== REQUIREMENT ==
Copy the material below verbatim from the line with "此外,博联还展出了多款设计美" to the line with "Policija je, na", both lines included, omitting pictures and every line outside that range.

== PROVIDED DATA ==
+--

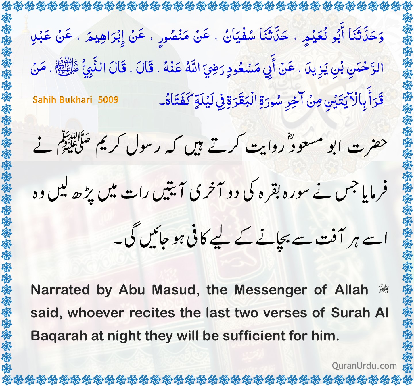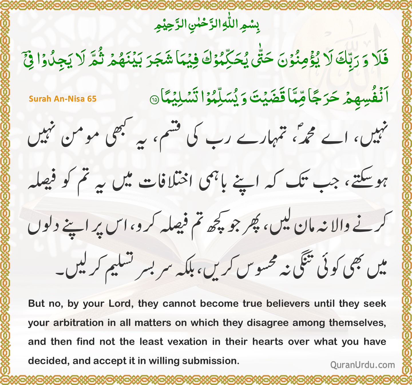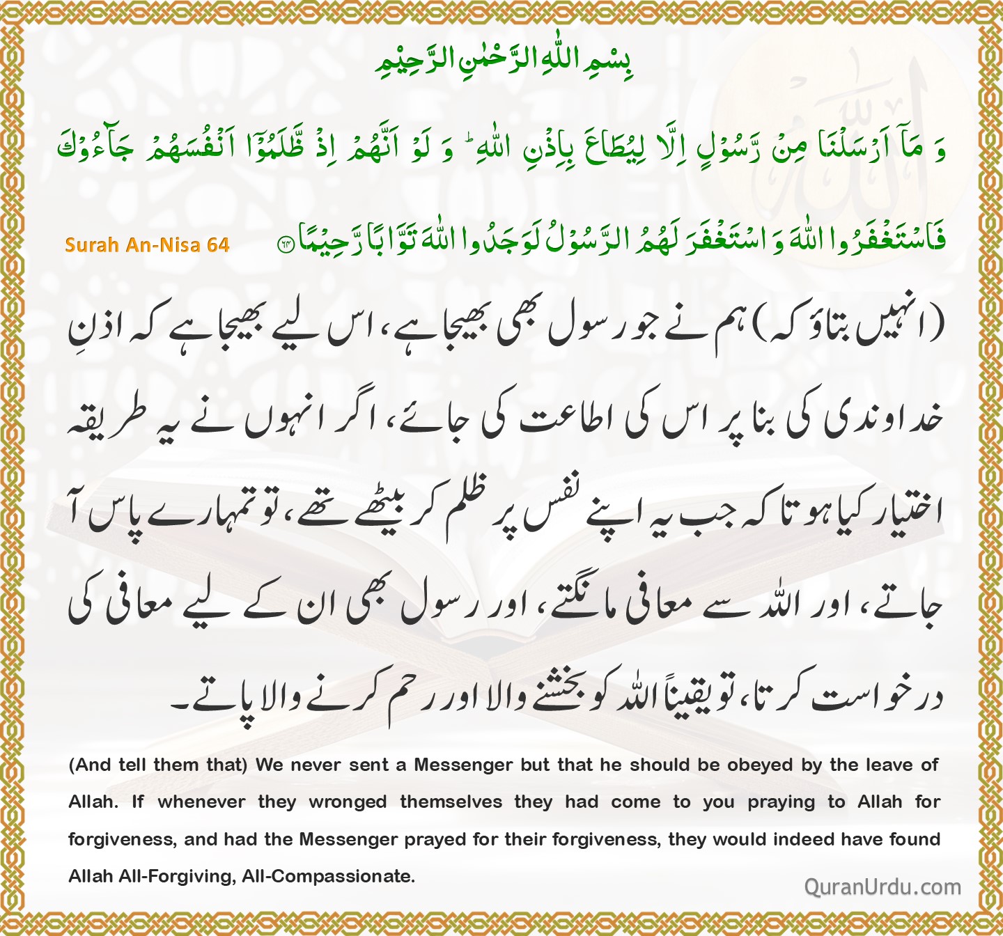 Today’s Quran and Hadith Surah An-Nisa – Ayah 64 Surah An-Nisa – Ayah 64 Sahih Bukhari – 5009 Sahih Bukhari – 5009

+--

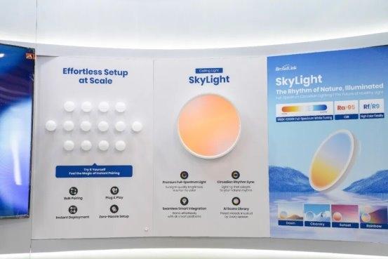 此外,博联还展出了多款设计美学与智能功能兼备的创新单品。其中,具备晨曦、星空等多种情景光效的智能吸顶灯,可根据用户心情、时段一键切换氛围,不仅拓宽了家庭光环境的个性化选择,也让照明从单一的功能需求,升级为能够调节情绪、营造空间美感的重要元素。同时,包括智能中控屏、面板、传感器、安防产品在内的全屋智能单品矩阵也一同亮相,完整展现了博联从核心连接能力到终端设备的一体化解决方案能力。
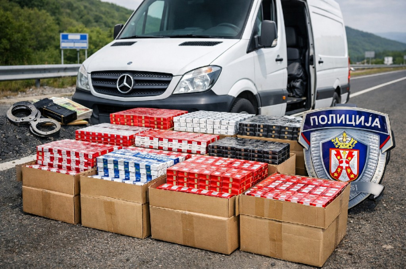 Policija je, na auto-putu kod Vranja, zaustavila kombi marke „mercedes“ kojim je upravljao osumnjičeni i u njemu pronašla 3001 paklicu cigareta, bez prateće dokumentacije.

+--

== YOUR RESPONSE ==
 此外,博联还展出了多款设计美学与智能功能兼备的创新单品。其中,具备晨曦、星空等多种情景光效的智能吸顶灯,可根据用户心情、时段一键切换氛围,不仅拓宽了家庭光环境的个性化选择,也让照明从单一的功能需求,升级为能够调节情绪、营造空间美感的重要元素。同时,包括智能中控屏、面板、传感器、安防产品在内的全屋智能单品矩阵也一同亮相,完整展现了博联从核心连接能力到终端设备的一体化解决方案能力。
 Policija je, na auto-putu kod Vranja, zaustavila kombi marke „mercedes“ kojim je upravljao osumnjičeni i u njemu pronašla 3001 paklicu cigareta, bez prateće dokumentacije.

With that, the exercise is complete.